Black Arrow Cyber Advisory 30 June 2026: Attackers Abuse Trusted Platform Invitations to Impersonate Organisations

Organisations should be alert to a developing tactic in which attackers create fake workspaces on trusted software platforms and invite employees to join them using legitimate platform emails. Although this activity has recently been seen targeting cyber security and technology firms, the approach could quickly be adapted for other sectors, particularly where staff use artificial intelligence tools, collaboration platforms, cloud services or shared project spaces.

In a reported campaign, attackers created an OpenAI organisation that impersonated a legitimate company, then invited selected employees using their work email addresses. The invitations were sent from OpenAI’s genuine notification system, passed normal email authentication checks and looked like standard invitations to join a company workspace. This makes the approach more difficult to detect than traditional phishing, where attackers often rely on spoofed emails, suspicious links or lookalike domains.

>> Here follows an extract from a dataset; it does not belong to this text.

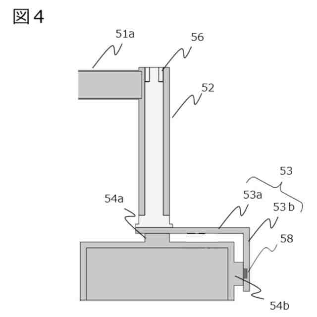 実施形態1のX線透視撮影装置のアーム支柱部52とアームベース部53の断面図。
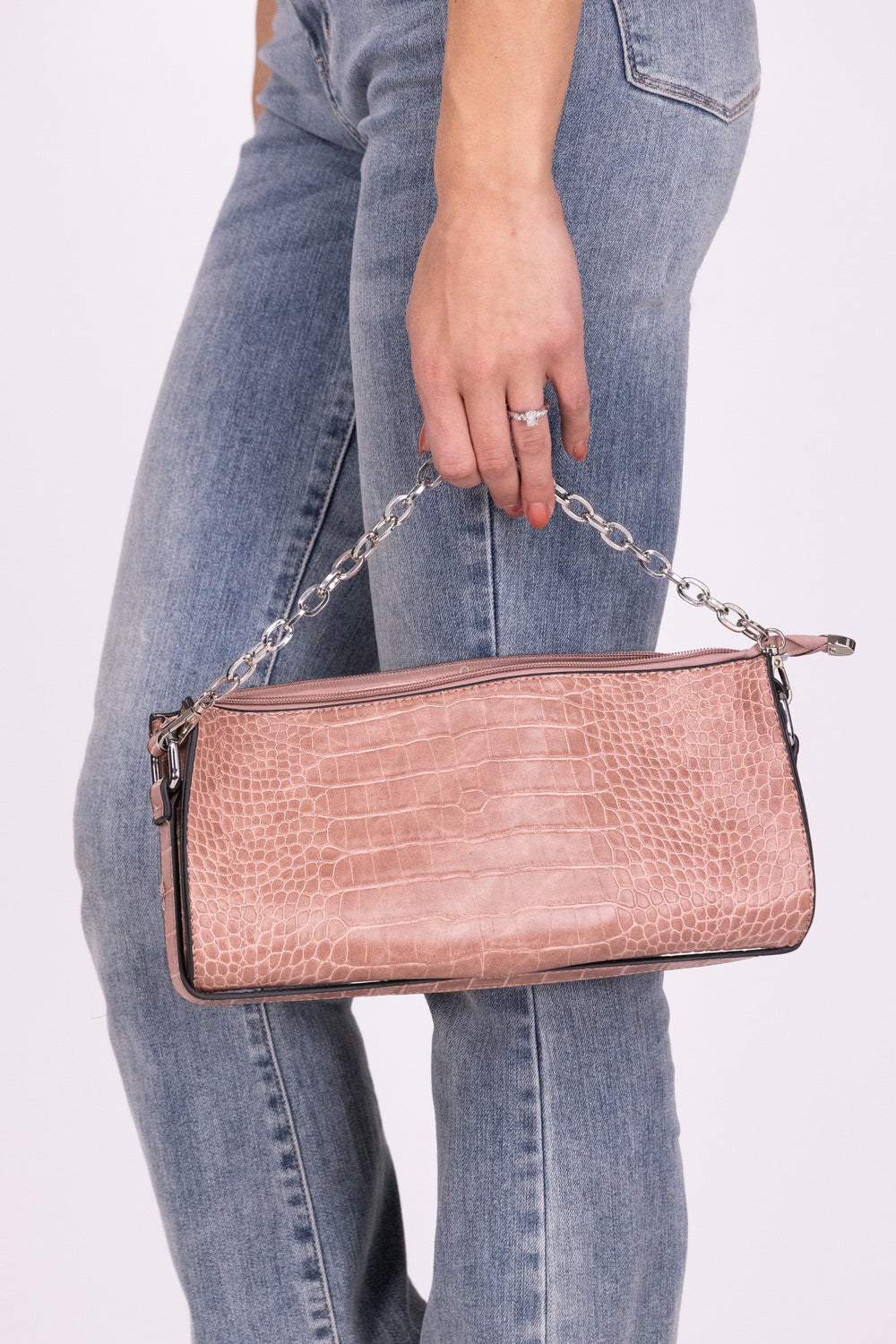 Trendy baguette-style bag with detachable chain strap. Small and stylish, but has plenty of room for all of your essentials!

The risk is not simply that an employee joins the wrong workspace. The concern is what happens next. If staff believe they are using an approved company environment, they may submit sensitive information into chats, prompts or project spaces. This could include internal documents, client information, source code, security research, strategy papers, commercial plans or other confidential material. In this case, the fake workspace had been made to look more credible by using the target company’s name, targeting specific employees, assigning them senior access rights and attaching a payment card to the billing account.

This reflects a wider shift in attacker behaviour. Rather than only sending malicious files or links, attackers are increasingly abusing legitimate features inside widely used online services. Invitations, notifications and shared workspace requests can come from real platforms and therefore may bypass technical email controls. The trust employees place in familiar brands and normal business workflows is being exploited.

What firms should do

Organisations should remind employees that a genuine email from a trusted platform does not always mean the workspace, project or invitation is legitimate. Staff should be told to verify any unexpected invitation to join a company workspace, especially where the request relates to artificial intelligence, file sharing, collaboration tools or administrative access.

Security and IT teams should review the technical solutions available to them to help manage this risk, for example SSPM platforms as well as how official company workspaces are named, managed and communicated to staff. Where possible, organisations should maintain an approved list of authorised platforms and tenants, and make it easy for employees to check whether an invitation is genuine. Unexpected invitations should be reported through existing security channels before being accepted.

Firms should also monitor membership and administration activity across software as a service platforms. This includes checking for unusual organisation invitations, unexpected owner or administrator permissions, and employees joining external workspaces that impersonate the business. Where platforms support domain verification, single sign on or tenant restrictions, these controls should be enabled.

For senior leaders, this is a reminder that cyber risk now extends beyond email and endpoint security. Attackers are targeting the everyday tools employees use to work, collaborate and experiment with artificial intelligence. Clear ownership of approved platforms, simple verification processes and staff awareness can significantly reduce the chance of sensitive company information being handed to an attacker through a trusted service.